Dynamic modeling of vanadium redox flow batteries: Practical approaches, their applications and limitations

Vanadium redox flow batteries (VRFBs) have been in the focus of attention of the energy storage community over the past years. Adequate, reliable and user-friendly mathematical models are required for the development and optimal application of this type of battery. A large amount of literature has been devoted to dynamic models of VRFBs, but insufficient attention has been paid to the comparison and critical analysis of their applicability. The article provides a comprehensive overview of available dynamic models, comparing their applicability for real-time simulation of industrial-scale vanadium redox flow batteries. In addition, a methodology for the models comparison is proposed, which takes into account different modes of operation and allows to determine the applicability range of a particular model. The results of the study show that lumped-parameter models with crossover performs well for simulating battery dynamics in the wide range of operating conditions: state of charge (SOC) – (0.1–0.8), load current – (20–290 mA/cm2), flow velocity - (0.4–2.7 cm/s). Also, such models can be tuned even if some physical parameters of the battery components (e.g. electrodes and membrane) are unknown.
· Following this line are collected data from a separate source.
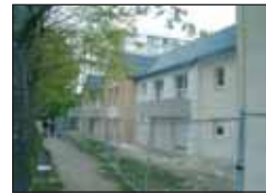
Rue Capitaine Marianne :

La première reconstruction à Kervénanec s'achève. Le nouvel îlot Georges Le Sant sera prêt à accueillir d'ici la fin de l'année 2006 ses locataires. Les 50 logements répartis sur 3 bâtiments se décomposent ainsi : 9 T2, 30 T3, 8 T4, 1 T5 et 2 T6. Chaque bâtiment comprend un local poubelles et un local pour vélos. 27 garages ont été aménagés en sous-sol rue Georges Le Sant et 24 places sur un parking aérien paysager au cœur de l'îlot avec un accès rue de Kervénanec. Un logement témoin pourra être visité après le 15 juin.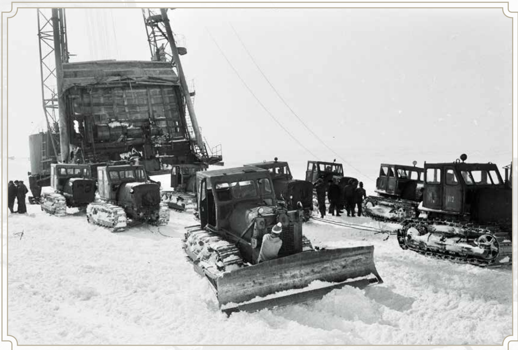
Разведка и бурение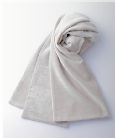
商品名: COMFORT VELVET サイズ: w500mm×h1800mm 素材: カシミア45%、シルク40%、コットン15%

「パイル」にシルクを使うことで障壁もありました。自然素材であるシルクには微細な節や太さのムラがあり、織る際に生じる引っかかりの解消や、繊細なカット作業が求められます。何度も検証を繰り返してできあがった、類を見ない商品を是非身に付けて堪能してほしいと思います。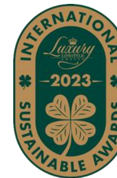
International Sustainable Award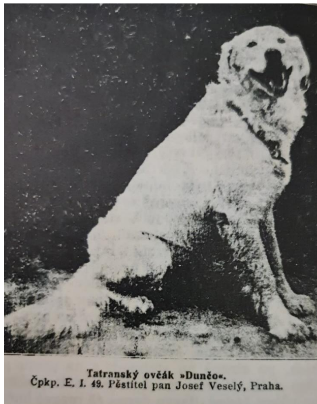
Obr. č. 4: Tatranský ovčiak Dunčo

Pritom tatranského čuvača menovite uverejnili priamo na titulnej strane svojej monografie.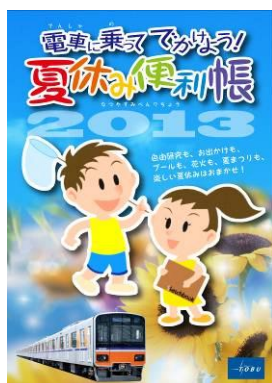
▲夏休み便利帳(イメージ)

東上線の歴史や鉄道スポットにまつわる「ウンチク」や車窓からの「ビューポイント」をまとめたパンフレットです。パパ鉄、ママ鉄、子鉄はもちろんのこと、鉄道に詳しくなくても、このパンフレットを持って出かければ、東上線の魅力を感じていただけます。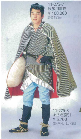
11-275-7 股旅用着物 ¥108,000 身丈133cm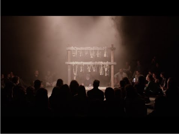
Birth-Elements-One-World, 2024 15:25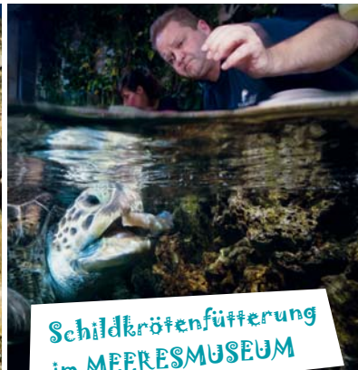
Schildkrötenfütterung im MEERESMUSEUM

The results obtained can be used to provide more accurate simulation of vanadium redox flow batteries in real-time monitoring and control tasks, when accuracy and performance are important. •The modeling approaches of industrial-scale VRFBs are overviewed and classified.•The validation of all models is performed considering constant and dynamic loads.•The VRFBs transient characteristics are analyzed from analytical solutions.•The models’ range of applicability is derived considering accuracy and operating conditions.•Simplified models can be improved by periodical identification of concentrations.